• [What is expected]:
Write out the data below exactly as given, without any of its pictures.

• [The data]:
==============================
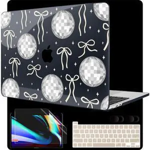 MEEgoodo Case for MacBook Pro 13 inch Case 2022 2021 2020 New A2338 M2/M1 A2251 A2289, Laptop Hard Shell with Keyboard & Camera Cover Compatible with 13 inch MacBook Pro, Silver Disco Balls & Bows
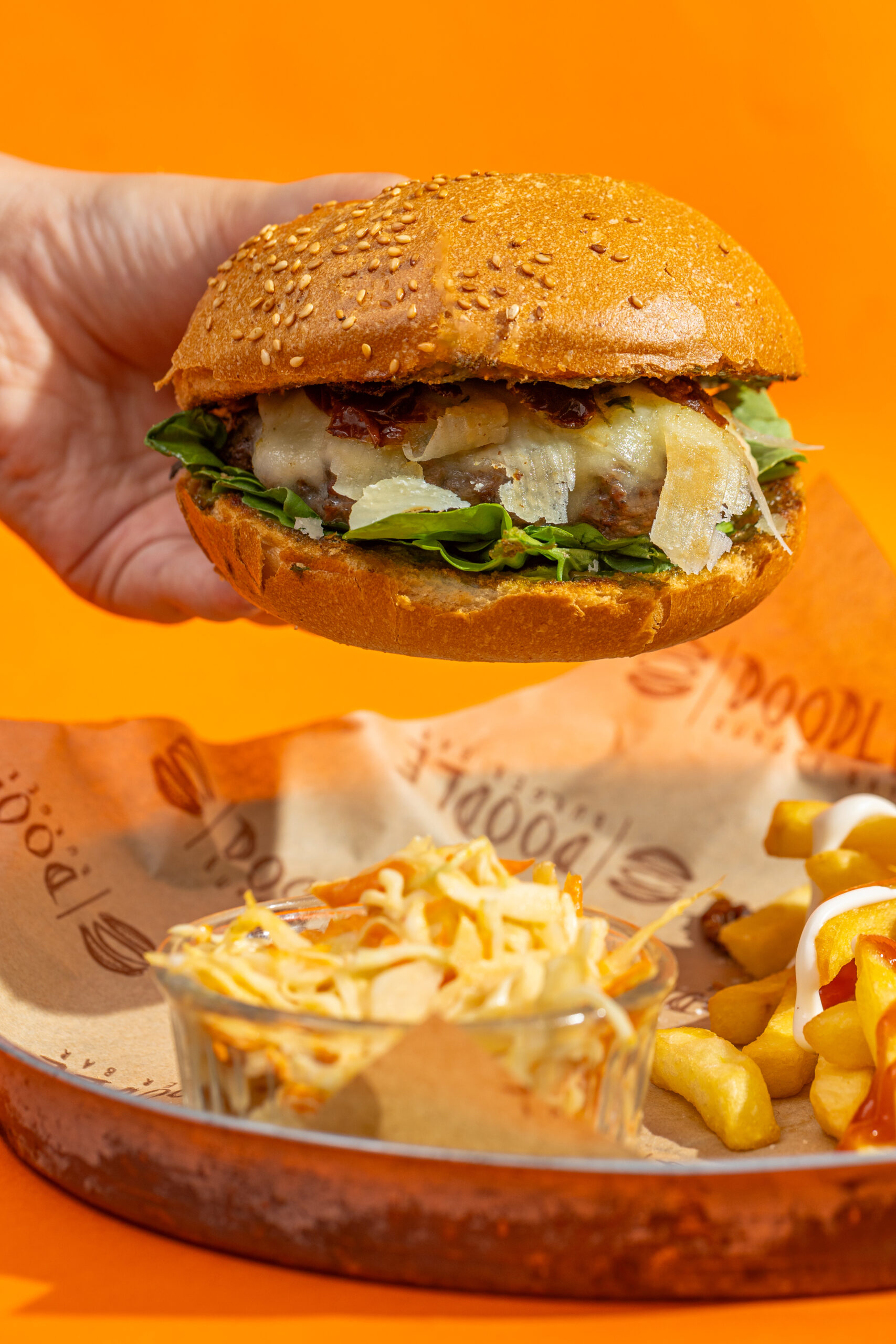 Steak haché pur Boeuf, mozzarella, parmesan, tomates séchées, roquette, sauce pesto
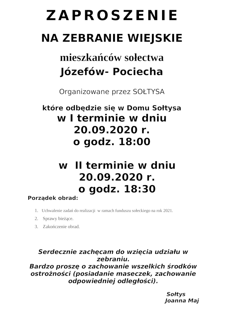 ZAPROSZENIE NA ZEBRANIE WIEJSKIE MIESZKAŃCÓW SOŁECTWA JÓZEFÓW-POCIECHA
==============================
• [Expected output]:
 MEEgoodo Case for MacBook Pro 13 inch Case 2022 2021 2020 New A2338 M2/M1 A2251 A2289, Laptop Hard Shell with Keyboard & Camera Cover Compatible with 13 inch MacBook Pro, Silver Disco Balls & Bows
 Steak haché pur Boeuf, mozzarella, parmesan, tomates séchées, roquette, sauce pesto
 ZAPROSZENIE NA ZEBRANIE WIEJSKIE MIESZKAŃCÓW SOŁECTWA JÓZEFÓW-POCIECHA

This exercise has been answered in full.